The miRNA regulates expression of the target gene. The transcription factor regulates transcription
of both: target gene and gene encoding the miRNA. This analysis accepts a list of miRNAs or a list of
target genes or both and finds corresponding miRNA feed forward loops. Results can be visualized
using ‘create miRNA diagram’ function.
Analyze miRNA target enrichment
This tool takes a set of human genes as input and searches for miRNA target enrichment with the
help of our in-house TargetScan database. The resource comprises miRNA/target gene links for
human based on conserved miRNA site prediction from TargetScan.
Get miRNA targets
This tool provides from a given list of human miRNAs their potential miRNA target genes with the
help of our in-house TargetScan database.
Create miRNA promoters
This tool creates a track (promoter sequence collection) from a list of given miRNAs.
CR cluster selector
This method uses the result of a CRC (Chinese Restaurant Clustering) analysis and extracts most
centered cluster items into a separate table. More detailed, it sorts clusters by size, takes top
Maximum number of clusters to use with size greater than Min items per cluster and extracts Max
items per cluster items closest to the center of cluster.

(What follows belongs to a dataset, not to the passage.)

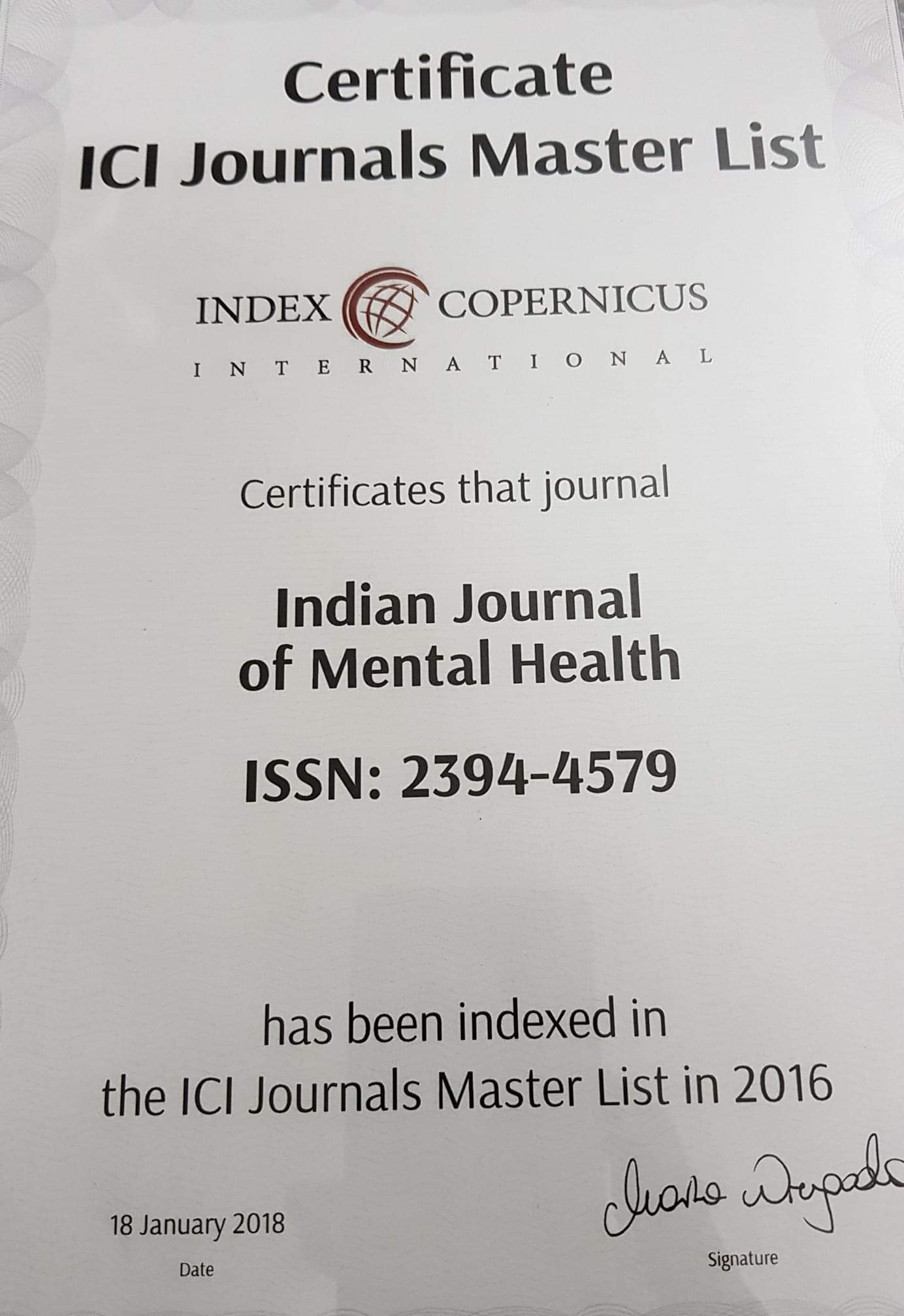 - Certificate ICI Journals Master List (2018)

This method checks project disk space usage and corrects it with deleting temporary used disc space
Filter duplicate rows
This method filters duplicate rows from the input table and gives a non-redundant output.
Group table rows
This method helps to group selected rows from the input table. Output will contain a table with the
number of counts of the selected rows.
Merge Table columns
This method merges several columns of a table into one column using a selected aggregator.
Plot pie chart
This method creates a pie chart using a category column and a leading column for a visual evaluation
and comparison of the results. Colors for the different segments of the pie chart can be customized
using the color palate.
Plot bar chart
This method creates a bar chart using a category column and leading column for a visual evaluation
and comparison of the results. Colors for the different segments of the plot bar chart can be
customized using the color palate.
Select random rows
This method selects random rows from the input table to create a randomized output table based
on the selected random number of rows and percentage.
Select top rows
This method selects top rows based on the selected parameter from the input table. The rows can
be selected as top, middle or bottom types from the input table.
Super annotate table
This method allows to annotate columns in the input table from another user defined input table(s).

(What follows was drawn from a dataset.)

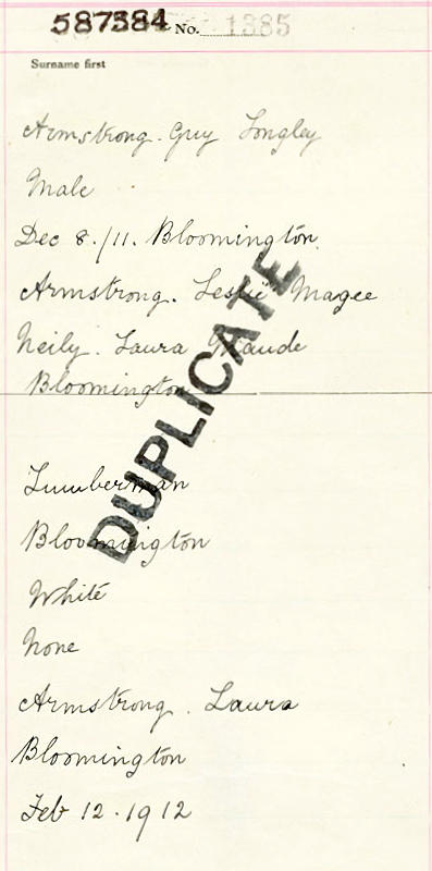 Parents Father: ARMSTRONG, Leslie Magee Mother: NEILY, Laura Maude Birth Born on December 08, 1911 in Bloomington, Annapolis Co., NS Death Died on October 22, 1938 in Middleton, Annapolis Co., NS Buried in Nictaux Cemetery in Nictaux, Annapolis Co., NS Marriages MACKINNON, Henrietta Married on September 22, 1934 in Nictaux Falls, Annapolis Co., NS Notes Occupation: Farmer Death: Acute Appendicitis/ General Peritonitis Sources Nova Scotia Deaths: Year 1938 File 176 #189 Images Guy Armstrong Birth Leslie & Laura (Neily) Armstrong,Guy & Henrietta (MacKinnon) Armstrong,Walker Armstrong Guy Armstrong Death Guy Armstrong Marriage
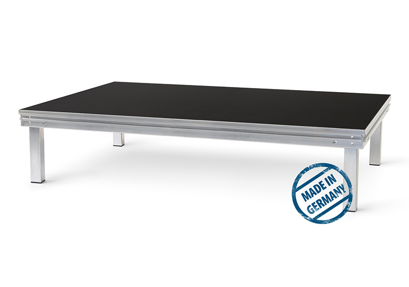 Bühnenelemente mit1000kg pro m² belastbar für Zuschauer / öffentlicher Bereich, wasserfest und daher für den Außenbereich geeignet

It can use more than one table as the source table to annotate different columns in the input table.
This method changes/transforms the input table based on the selected operation. It can add the
selected operation (log2, log 10, Pow2, Pow10, exp) to the input table.
Tree map on functional classification
This analysis (REVIGO) was adapted and allows a tree map visualization of functional classification
results to reduce Gene Ontology terms and based on the p-value cut-off.

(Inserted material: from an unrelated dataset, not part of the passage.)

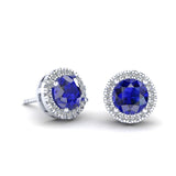 Aretes Redondos de Zafiro Natural de 6mm y Halo de Diamantes en los aretes.

This method compares the structures of two diagrams based on the input parameters and gives
different entries within the resulting diagram.
Get molecules from diagrams
This analysis creates clones of selected nodes (protein names) for each its edge. It can be used to focus on
main interesting regulatory proteins and visualize results in the output clone diagram.
Find regulatory regions
This method creates promoter regions based on an input gene list (and based on Chip-seq peaks
located near the TSS if peaks are present). On top information from CAGE database (FANTOM5)
about most active TSSs in specific tissues or cell type can be used and promoter length to be
extracted can be defined. The result of this analysis can be used as input track for Site search
Split VCF by regulation
This analysis separates an input VCF file into two sets: Yes-set – sites that do overlap with the
regulation track (= Out yes), No-set – sites, that do not. If the No-set contains less sites than defined
in the Min no size parameter (default = 100), random tracks from Default VCF will be added to the
No-set (=Out no).
Motif Score Association Test (MSAT) is a tool to test for association between a motif score and a
quantity of interest using generalized linear models (glms).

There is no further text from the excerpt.